Material to process
____________________

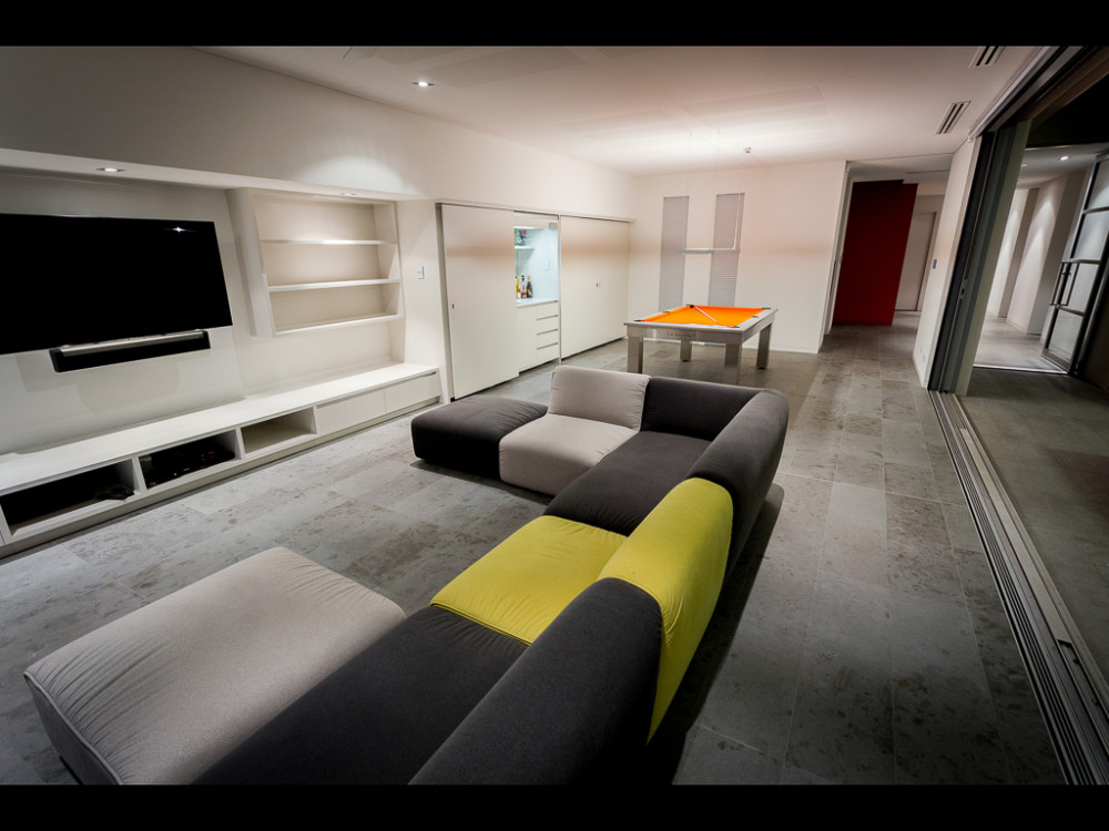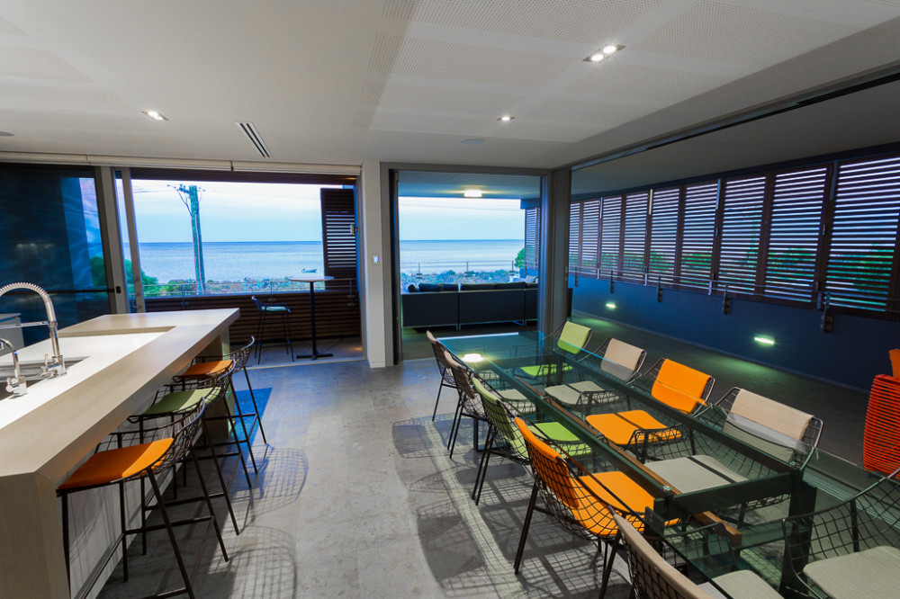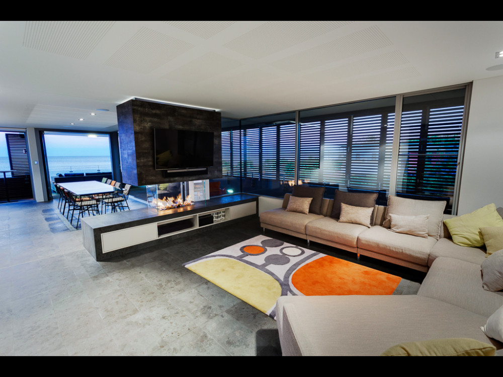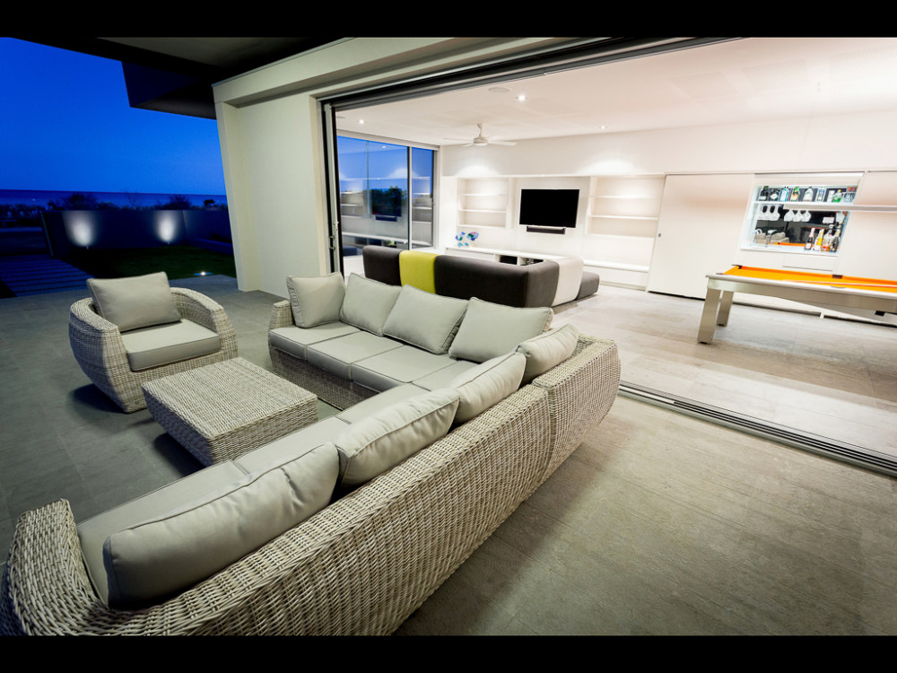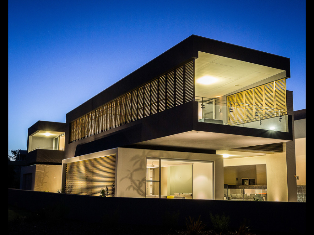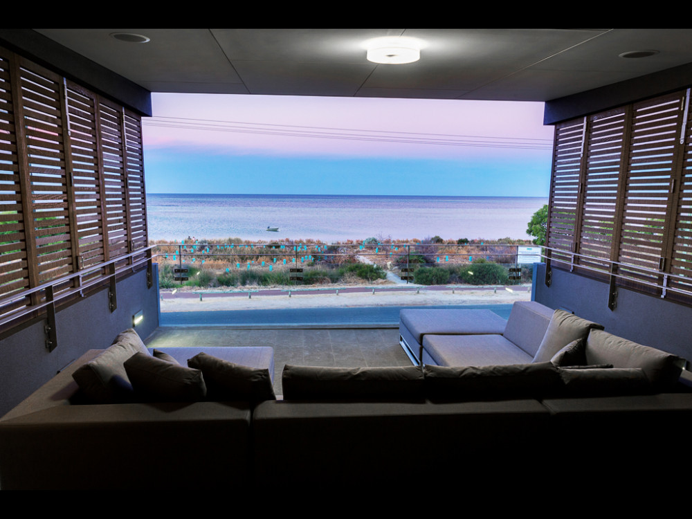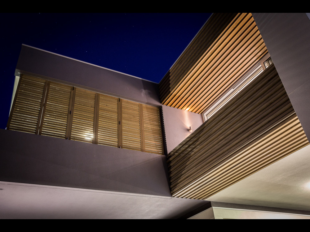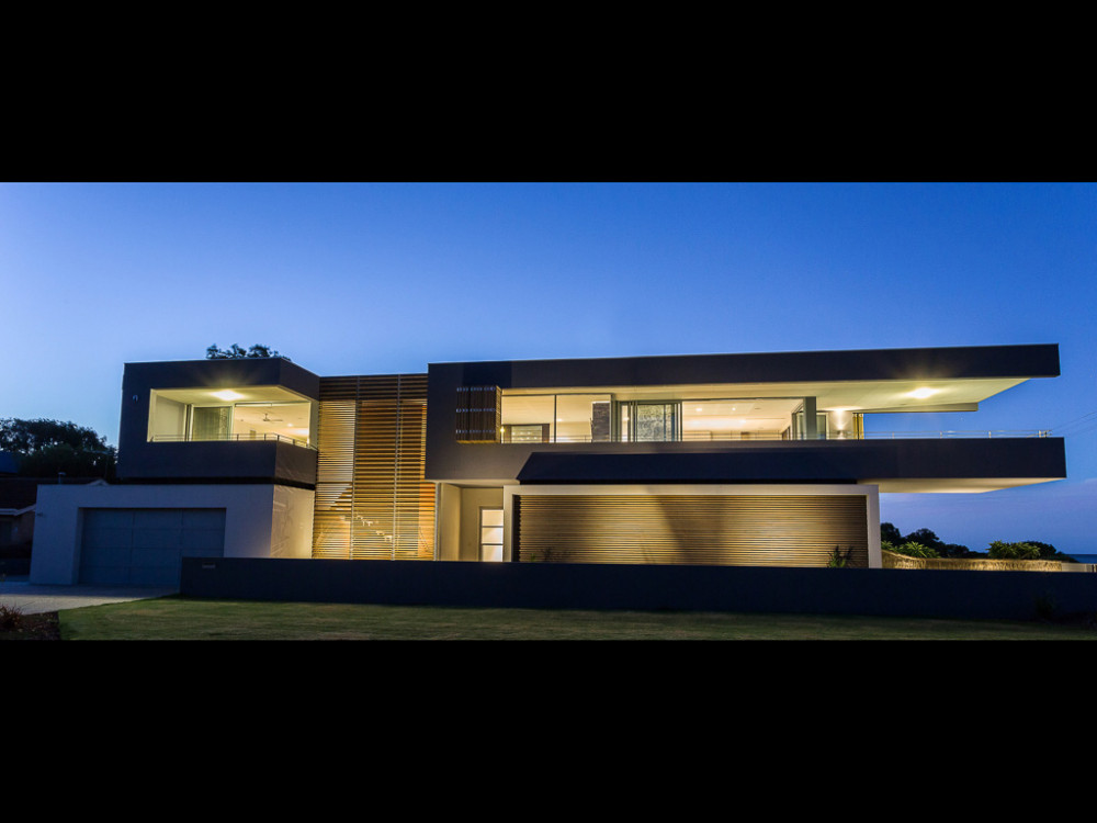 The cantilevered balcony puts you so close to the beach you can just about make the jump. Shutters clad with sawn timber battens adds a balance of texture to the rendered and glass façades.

____________________

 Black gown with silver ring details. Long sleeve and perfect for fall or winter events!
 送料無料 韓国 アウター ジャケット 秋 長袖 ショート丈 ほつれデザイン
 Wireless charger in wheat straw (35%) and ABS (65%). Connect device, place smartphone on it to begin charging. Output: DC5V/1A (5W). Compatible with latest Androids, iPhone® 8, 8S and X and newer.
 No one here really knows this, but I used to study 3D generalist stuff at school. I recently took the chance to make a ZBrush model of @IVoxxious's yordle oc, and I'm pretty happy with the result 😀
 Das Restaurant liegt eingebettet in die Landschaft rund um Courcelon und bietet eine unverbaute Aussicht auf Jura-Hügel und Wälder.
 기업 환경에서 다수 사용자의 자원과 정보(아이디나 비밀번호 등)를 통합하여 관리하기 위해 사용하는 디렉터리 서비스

____________________

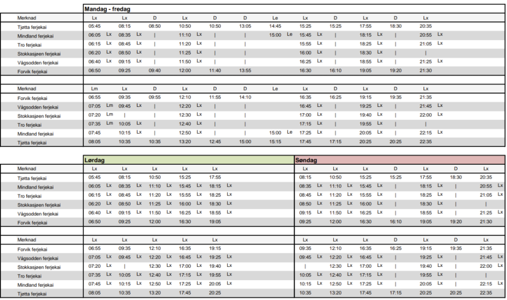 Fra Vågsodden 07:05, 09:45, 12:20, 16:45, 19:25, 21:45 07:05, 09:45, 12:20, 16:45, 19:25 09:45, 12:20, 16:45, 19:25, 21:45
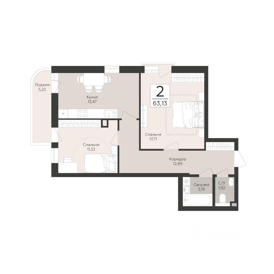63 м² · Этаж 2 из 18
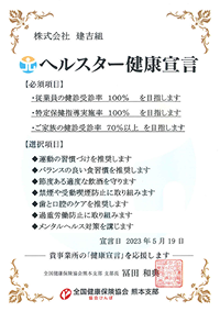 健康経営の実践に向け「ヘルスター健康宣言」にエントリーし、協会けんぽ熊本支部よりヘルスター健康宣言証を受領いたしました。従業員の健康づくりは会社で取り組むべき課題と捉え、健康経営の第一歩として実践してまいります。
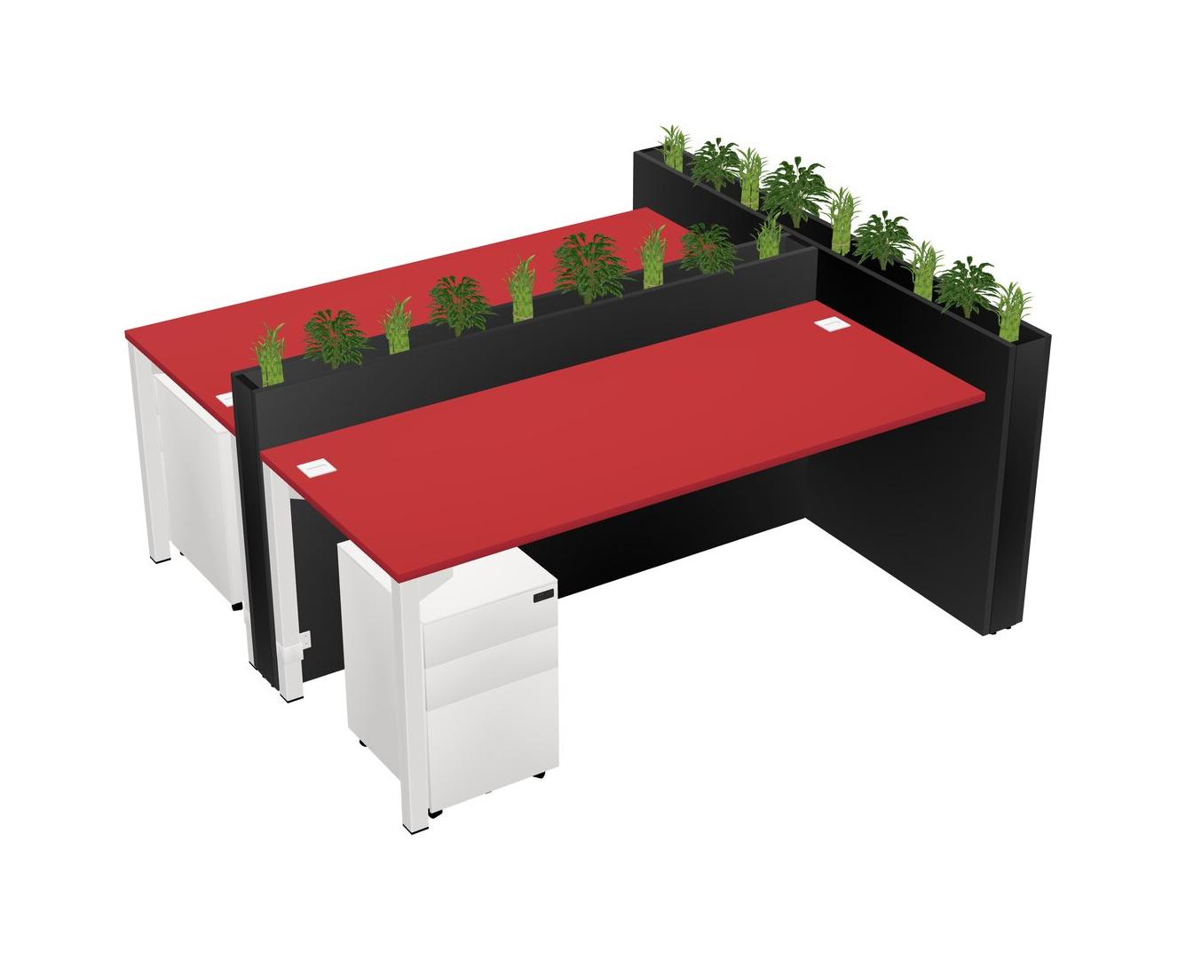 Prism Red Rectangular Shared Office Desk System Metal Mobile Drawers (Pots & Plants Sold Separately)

____________________

Your objective
Go back to the listing above and write out the lines starting at the one with "Fra Vågsodden 07:05, 09:45, 12:20, 16:45, 19:25, 21:45" and ending at the one with "Prism Red Rectangular", inclusive, exactly and without pictures.

Solution
 Fra Vågsodden 07:05, 09:45, 12:20, 16:45, 19:25, 21:45 07:05, 09:45, 12:20, 16:45, 19:25 09:45, 12:20, 16:45, 19:25, 21:45
63 м² · Этаж 2 из 18
 健康経営の実践に向け「ヘルスター健康宣言」にエントリーし、協会けんぽ熊本支部よりヘルスター健康宣言証を受領いたしました。従業員の健康づくりは会社で取り組むべき課題と捉え、健康経営の第一歩として実践してまいります。
 Prism Red Rectangular Shared Office Desk System Metal Mobile Drawers (Pots & Plants Sold Separately)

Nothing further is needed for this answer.